Skip designs tracks for amusement parks. For a new design the track will be ellipitical if the ellipse is placed on a large coordinate grid with its center at (0,0) the equation x^2/2500+y^2/8100=1 model the path of the park.The units are given in yards, how long is the major axis of the track?

Question

Skip designs tracks for amusement parks. For a new design the track will be ellipitical if the ellipse is placed on a large coordinate grid with its center at (0,0) the equation x^2/2500+y^2/8100=1 model the path of the park.The units are given in yards, how long is the major axis of the track?

Please help me

Answer 1

This is very late so for people who might need it at some point here's what I did:

The larger denominator is under y so the ellipse is going to be vertical.
Equation: (x-h)^2/b^2 + (y-k)^2/a^2 =1
The center is (0,0) right so both h and k will be 0
a is the length of the major axis
b is the length of the minor axis
x^2/50^2 + y^2/90^2 = 1
x^2/50^2 + y^2/90^2 = 1
a=90
90 x 2 is 180
The major axis' length is going to be 180 yards.

Answer 2

anyone realize this was asked in 2013?

Answer 3

thankfully this is also relevant 2023! Thanks Kiwi!

Answer 4

Oh, tracks for amusement parks! Now that's a job with some ups and downs! Alright, let's have some fun with math, shall we?

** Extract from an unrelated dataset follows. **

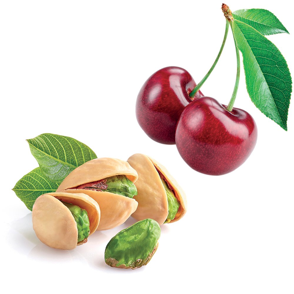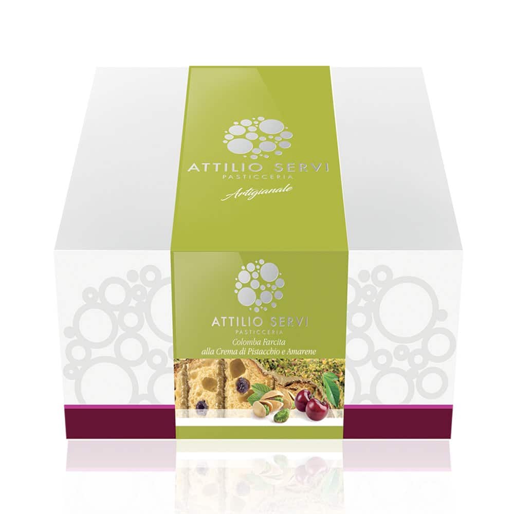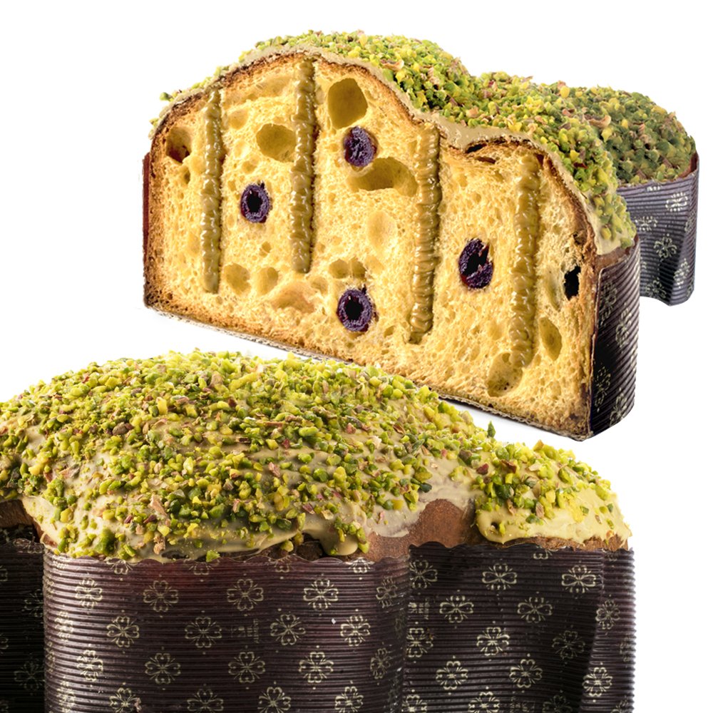Al taglio si svela una pasta soffice e bionda con una farcitura di crema al pistacchio. Per un maggior equilibrio al dolce sono state inserite le amarene, donano freschezza e un po’ di acidità al gusto. La cupola è avvolta da granella e glassa al pistacchio.

To find the length of the major axis of the track, we need to figure out the distance between the two farthest points on the ellipse along the x-axis. And lucky for us, the equation of the ellipse gives us the clues!

Now, from the equation x^2/2500 + y^2/8100 = 1, we can identify the coefficients of x^2 and y^2. The coefficient of x^2, which we'll call a^2, is 2500. But since we're looking for the length of the major axis, we'll need a, not a^2.

So, taking the square root of 2500 gives us a = 50. Great!

And there you have it—the length of the major axis of the track is 50 yards.

Now, don't get me wrong, this math stuff is a roller coaster ride, but in the end, we always find our way back to the laughter! Enjoy your amusement park design adventure!

Answer 5

To find the length of the major axis of the track, we need to determine the distance between two points on the ellipse's x-axis.

The general equation of an ellipse centered at (h, k) with the semi-major axis length of a and semi-minor axis length of b is:

[(x - h)^2 / a^2] + [(y - k)^2 / b^2] = 1

In this case, the equation of the ellipse is:

x^2/2500 + y^2/8100 = 1

Comparing this with the general equation, we can see that the semi-major axis length (a) is the square root of 2500 and corresponds to the x-coordinate.

So, a^2 = 2500
Taking the square root of both sides, we get:
a = √2500 = 50

Since the major axis length of an ellipse is twice the length of the semi-major axis, the length of the major axis is:
2 * a = 2 * 50 = 100 yards

Therefore, the major axis of the track is 100 yards long.